Italian bonds react little to hawkish counter-proposal to recovery fund
- Italy's 10-year bond yield was up only 2 basis points at 1.66%, near the five-and-a-half-week lows reached after France and Germany made their proposal.
- The risk premium it pays - the gap with Germany's 10-year yield - was at 211 basis points, less than 10 bps higher than Tuesday's five-week lows.
LONDON: Italian bond yields held near multi-week lows early Wednesday, undeterred by the prospect of a hawkish counter-proposal to a plan for a recovery fund offered by France and Germany.
A group of European Union states will propose funding coronavirus recovery efforts with loans, not grants, as the Franco-German plans for a 500 billion-euro fund call for, Austrian Chancellor Sebastian Kurz said on Tuesday. His Dutch, Danish and Swedish counterparts agree, Kurz said.
But Italian and southern European bond yields - which tumbled after the announcement of the Franco-German proposal on Monday - showed little reaction.
Italy's 10-year bond yield was up only 2 basis points at 1.66%, near the five-and-a-half-week lows reached after France and Germany made their proposal.

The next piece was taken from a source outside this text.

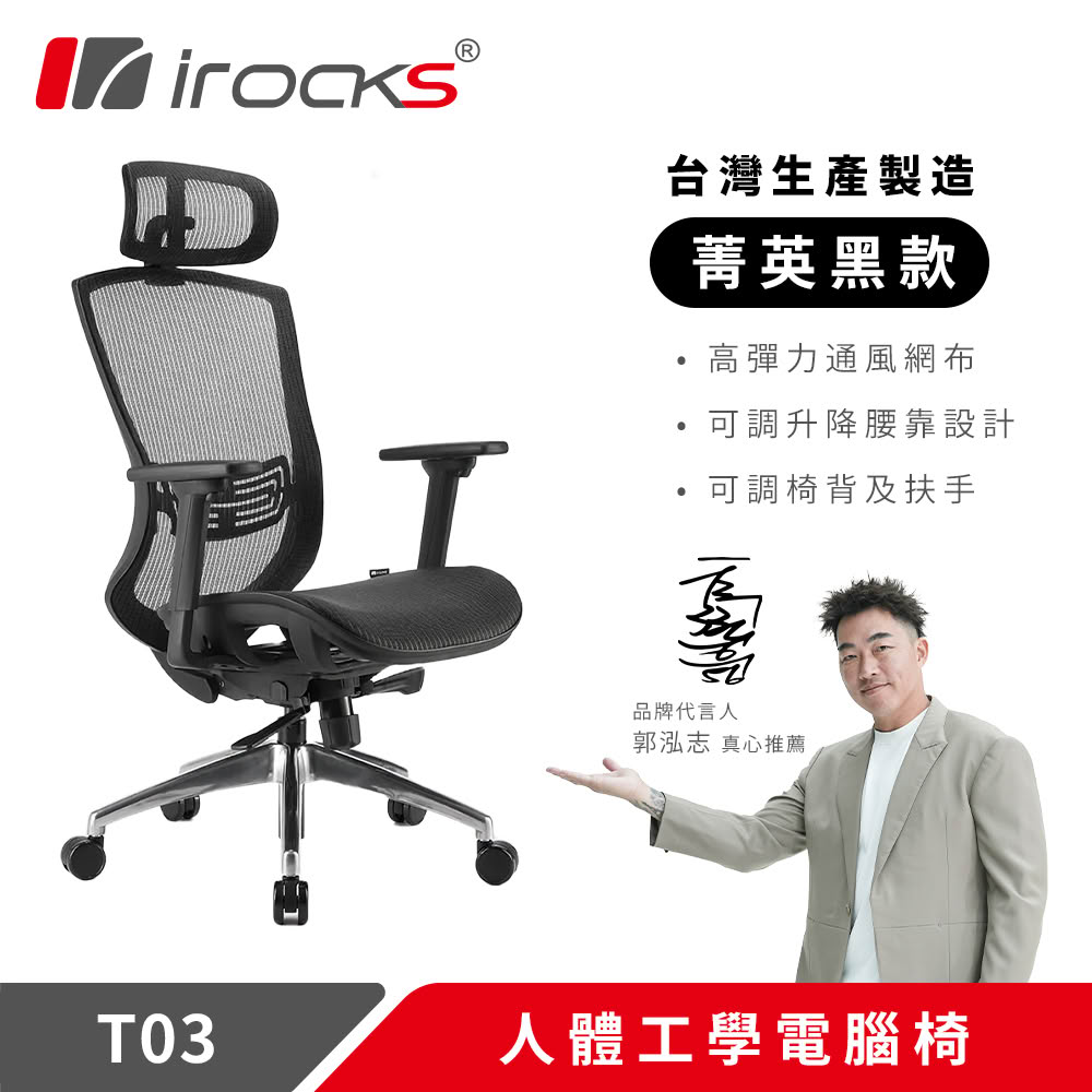 【iRocks】T03 人體工學辦公椅 菁英黑

The risk premium it pays - the gap with Germany's 10-year yield - was at 211 basis points, less than 10 bps higher than Tuesday's five-week lows.
"This suggests that markets remain focussed on Merkel's u-turn regarding grants (instead of loans) and hopes that this marks the starting point towards proper joint issuance," Commerzbank analysts told clients.

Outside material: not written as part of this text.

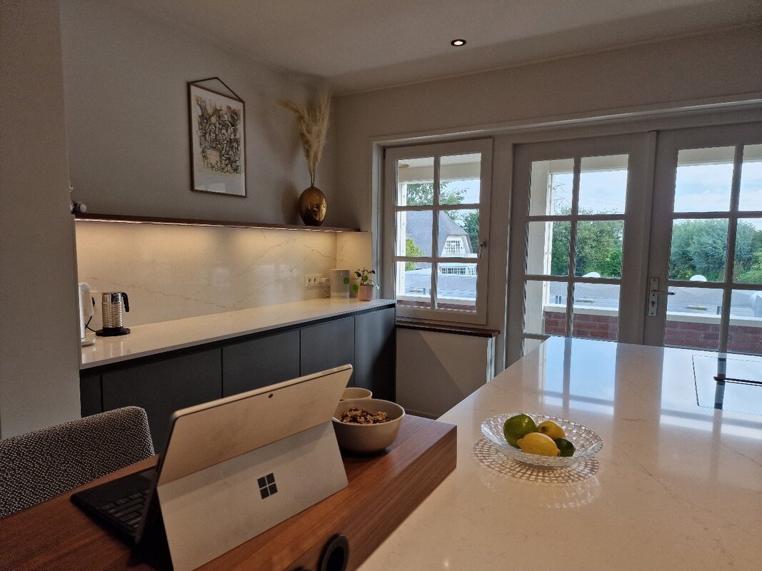 Voor de realisatie is gekozen voor het Duitse topmerk next125 – bekend om hoogwaardige materialen, strakke lijnen en minimalistisch design met karakter. De keuken van Jeroen en Sanne is uitgevoerd in donkere tinten gecombineerd met warme aardse kleuren, waardoor een elegante balans en rustgevende uitstraling is ontstaan. De greeploze fronten en het robuuste, natuursteenlook werkblad van Dekker versterken het luxe en moderne karakter.

Safe-haven German 10-year yields were unchanged at -0.46% after rising 6 basis points this week.
Elsewhere, focus will be on the primary market. Germany is scheduled to raise 4 billion euros via a re-opening of a 10-year bond. France is scheduled to issue up to 11.25 billion euros of three-year, six-year and inflation-linked bonds.
Analysts will also be watching the allotment of the European Central Bank's first PELTRO - its emergency loan scheme announced last month as part of its efforts to cope with the coronavirus pandemic - although a relatively small take-up is expected.